デキウスによる迫害と棄教者の問題
出典: フリー百科事典『ウィキペディア(Wikipedia)』 (2022/03/13 09:29 UTC 版)
「古代末期のキリスト教」の記事における「デキウスによる迫害と棄教者の問題」の解説
3世紀中葉頃にはキリスト教は勢力を拡大させ、ローマの教会は40程あり、聖職者154人を擁して、数千人の貧民を保護するなど発展していた。ガリア、スペイン、クレタ島、カッパドキア、アラビア、アルメニア、エデッサにも教会が存在していた。 皇帝デキウス(在位:249年 - 251年)は全帝国規模のキリスト教迫害を行い、250年にローマの神々への祭儀を勅令で命じた。背景にはゲルマンのゴート人などの侵略があった。カルタゴ、アレクサンドリア、ローマの一部のキリスト教徒はこの勅令を偶像礼拝として拒否したため、殉教した。しかし、翌年の251年にゴート軍とのアブリットゥスの戦いで皇帝デキウスは戦死し、祭儀命令は短命に終わった。
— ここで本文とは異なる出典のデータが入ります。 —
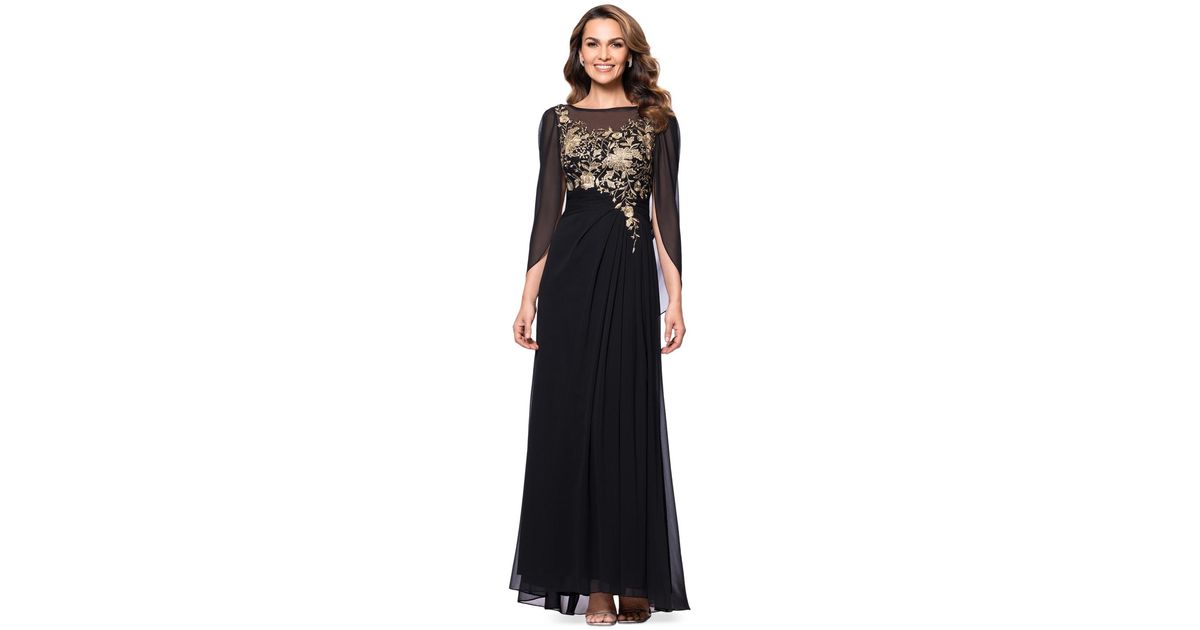 Betsy & Adam Embroidered Cape-sleeve Gown in Black | Lyst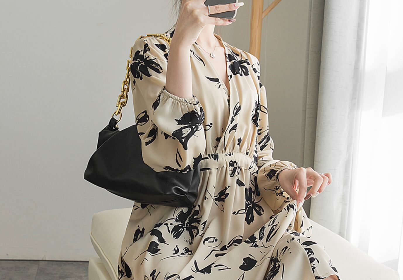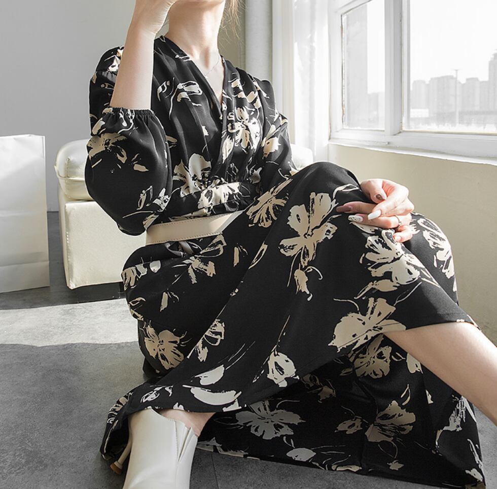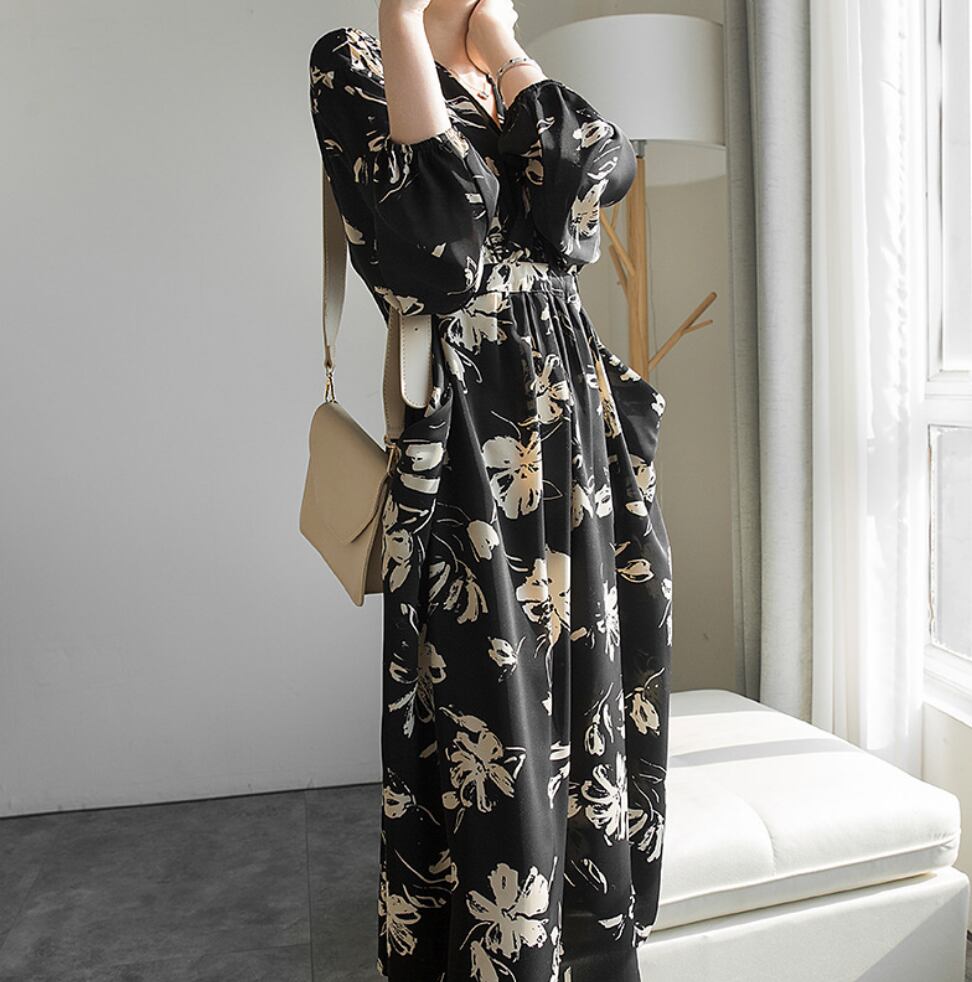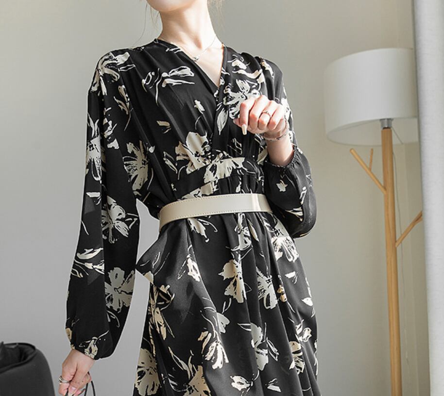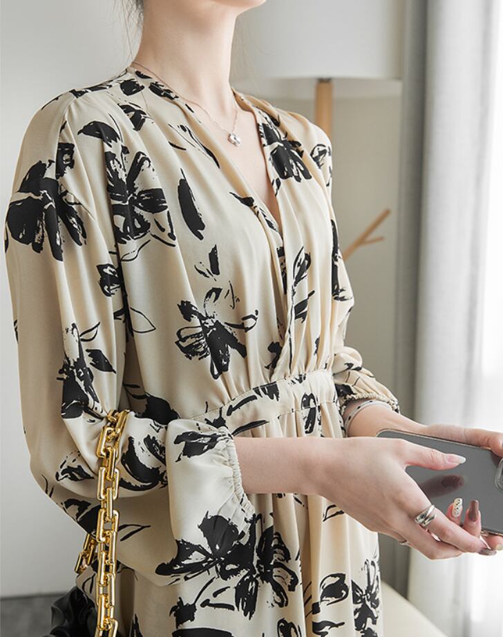 ドレス おすすめ おしゃれ お洒落 激安 安い 送料無料 プチプラ パーティードレス お呼ばれ ドレス フォーマル ドレス ロングドレス ラウンジ ドレス カジュアル ドレス シフォン ドレス ゲスト ドレス 長袖 Aライン Vネック 膝丈 ボリュームスリーブ ふんわり 花柄 韓国 フォーマル 綺麗め 大人上品 シック 同窓会 卒業式 20代 30代 S M L 黒 ブラック 茶色 ブラウン ベージュ オフホワイト くすみカラー 大人カラー 春カラー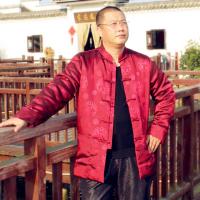 中老年男装秋冬装唐装外套中式服饰富贵团花酒红色婚礼爸爸装
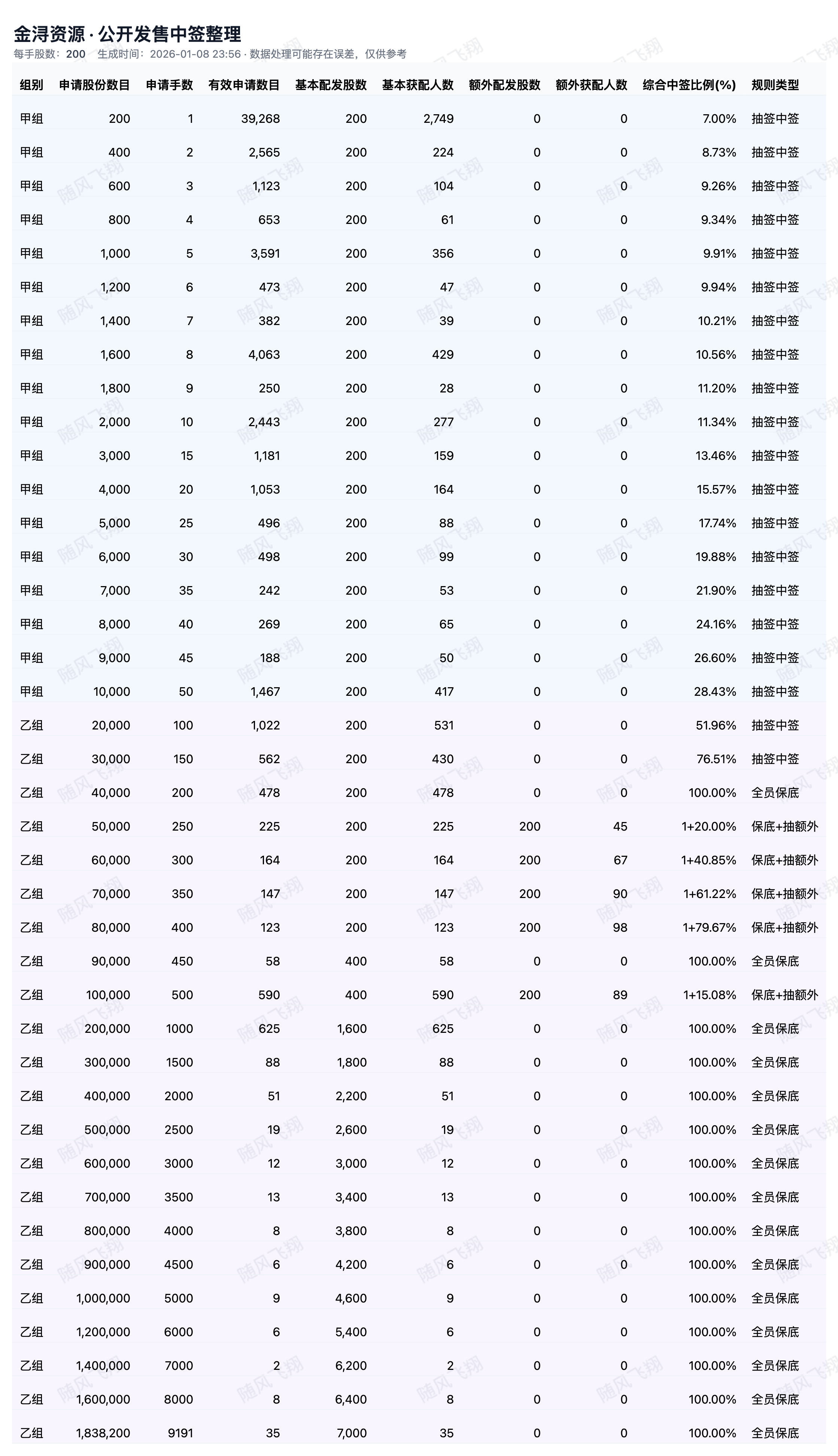 基于上市公司在交易所发布的配售公告中公布的各档位的中签情况,并通过人工智能统计计算分析,可能存在误差,仅供参考。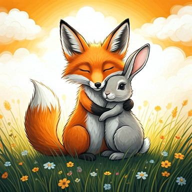 #bunny #cuddle #fluffy #fox #hug #rabbit #winter

キリスト教世界においては、殉教者は崇拝の対象とされ、拷問を受けながら釈放したものが称賛される一方で、勅令に服したため非難される者もいた。一度棄教して改心した信者(棄教者)の処遇をめぐって教会では意見の対立が生じて、ローマ司教コルネリウスやステファヌスは棄教者に寛容だったが、ノヴァティアヌス教父は神の真理をないがしろにすることとしてこれに反対し、棄教者は排除すべきであると主張し、対立教皇となり、対立教会を組織した。 その後、ステファヌス司教(在位254年-257年)は、一度棄教して改心した信者の再洗礼は使徒的伝統と一致しないとしたが、カルタゴ司教キプリアヌスはこれに反対し、ローマ教会とアフリカ教会は分裂し、キプリアヌスは各地の司教は指導地域において独立しており、ローマ司教の首位権について問題提出したが、キプリアヌスはペトロ以来のローマ教会の優位を否定したわけではなかった。